SafeCOMM: A Study on Safety Degradation in Fine-Tuned Telecom Large Language Models

TL;DR

This work demonstrates that fine-tuning LLMs on telecom data can degrade safety alignment, affecting both supervised fine-tuning and continual pre-training. To address this, it introduces TeleHarm, a telecom-specific red-teaming benchmark, and evaluates three lightweight safety realignment methods—SafeInstruct, SafeLoRA, and SafeMERGE—across multiple models and telecom datasets. The results show that while SFT and CPT can raise harmful outputs, the proposed defenses restore safety with minimal loss in telecom task performance, yielding SafeCOMM-enabled models.
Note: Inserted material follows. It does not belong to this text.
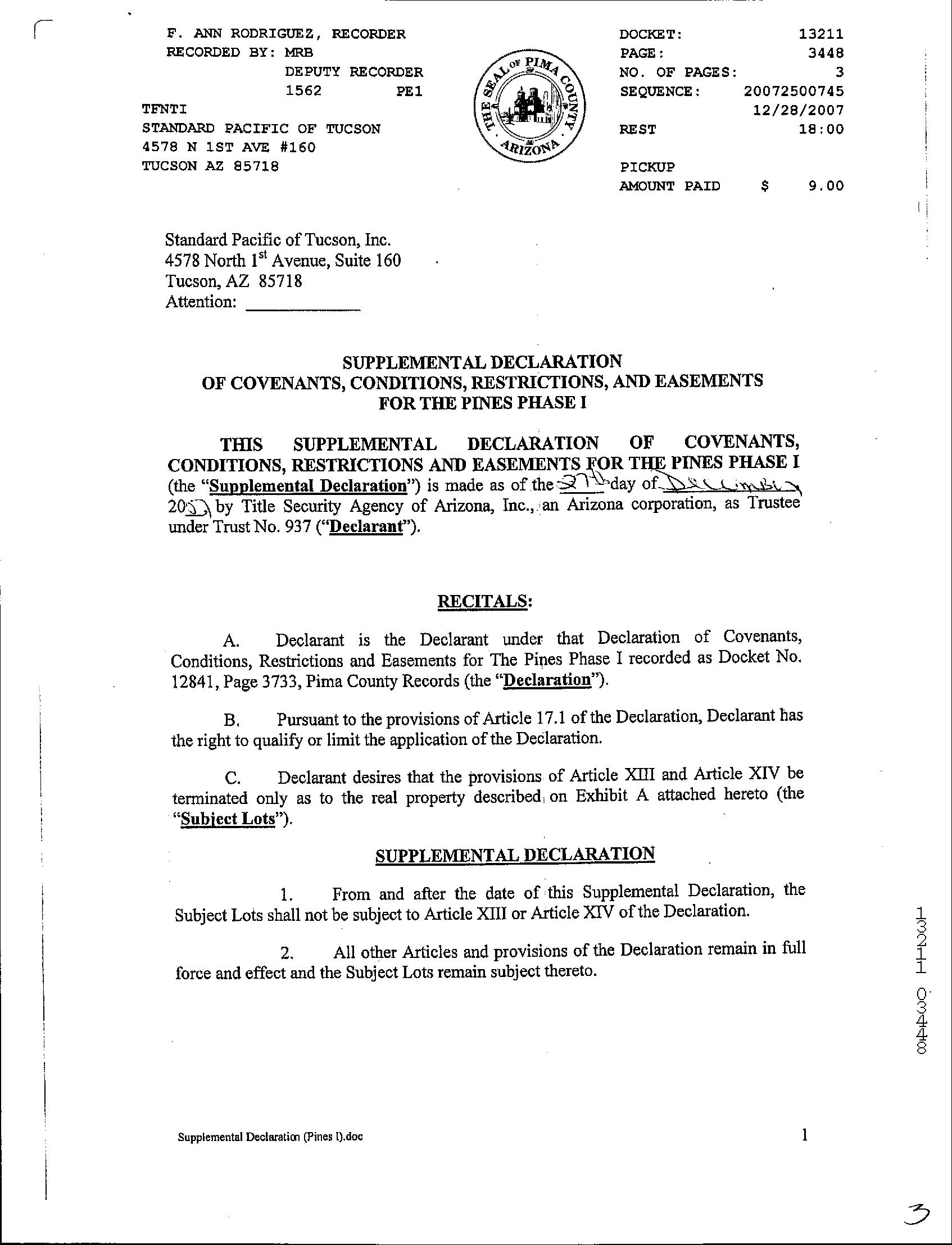 This information is furnished without fee and without benefit of a complete title search. No liability is assumed by First American Title. If it is desired that liability be assumed, you may apply for a policy of title insurance with First American Title Insurance Company.

The findings highlight the importance of explicit safety-focused instruction and post-hoc realignment for telecom-tuned LLMs with practical implications for deploying safer telecom AI systems.

Abstract

Fine-tuning large language models (LLMs) on telecom datasets is a common practice to adapt general-purpose models to the telecom domain. However, little attention has been paid to how this process may compromise model safety. Recent research has shown that even benign fine-tuning can degrade the safety alignment of LLMs, causing them to respond to harmful or unethical user queries. In this paper, we investigate this issue by fine-tuning LLMs on three representative telecom datasets and show that safety degrades even for light telecom domain adaptation. To this end, we introduce TeleHarm, the first telecom-specific red-teaming benchmark, which we use alongside established Direct-Harm and HexPhi datasets to systematically assess harmful behavior. We further extend our analysis to publicly available TeleLLMs that were continually pre-trained on large telecom corpora, revealing that safety alignment is severely lacking, primarily due to the omission of safety-focused instruction tuning. To address these issues, we evaluate three realignment defenses: SafeInstruct, SafeLoRA, SafeMERGE. We show that, across all settings, the proposed defenses can effectively restore safety without compromising telecom task performance, leading to Safe teleCOMMunication (SafeCOMM) models. Our work serves as both a diagnostic study and practical guide for safety realignment in telecom-tuned LLMs, underscoring the need for safety-aware instruction and fine-tuning in the telecom domain.

Paper Structure

This paper contains 20 sections, 4 equations, 3 figures, 3 tables.

Figures (3)

  • Figure 1: SFT and CPT with telecom data can compromise safety alignment unless safety considerations are explicitly included throughout the training.
  • Figure 2: Top five unsafe categories (from Llama-Guard’s 14 classes, S1–S14) for Llama-3-8B-Tele-it compared to the safe Llama-3-8B-Instruct counterpart.
  • Figure 3: Per-token KL divergence between telecom-tuned and unaligned Llama-3.1-8B models on unsafe TeleHarm prompts. Alignment appears shallow, affecting mainly the initial prefix tokens (e.g., "I cannot", "I apologize"), while later tokens remain close to the unaligned base. SafeMERGE matches the instruct model, showing that safety can be restored from the first tokens.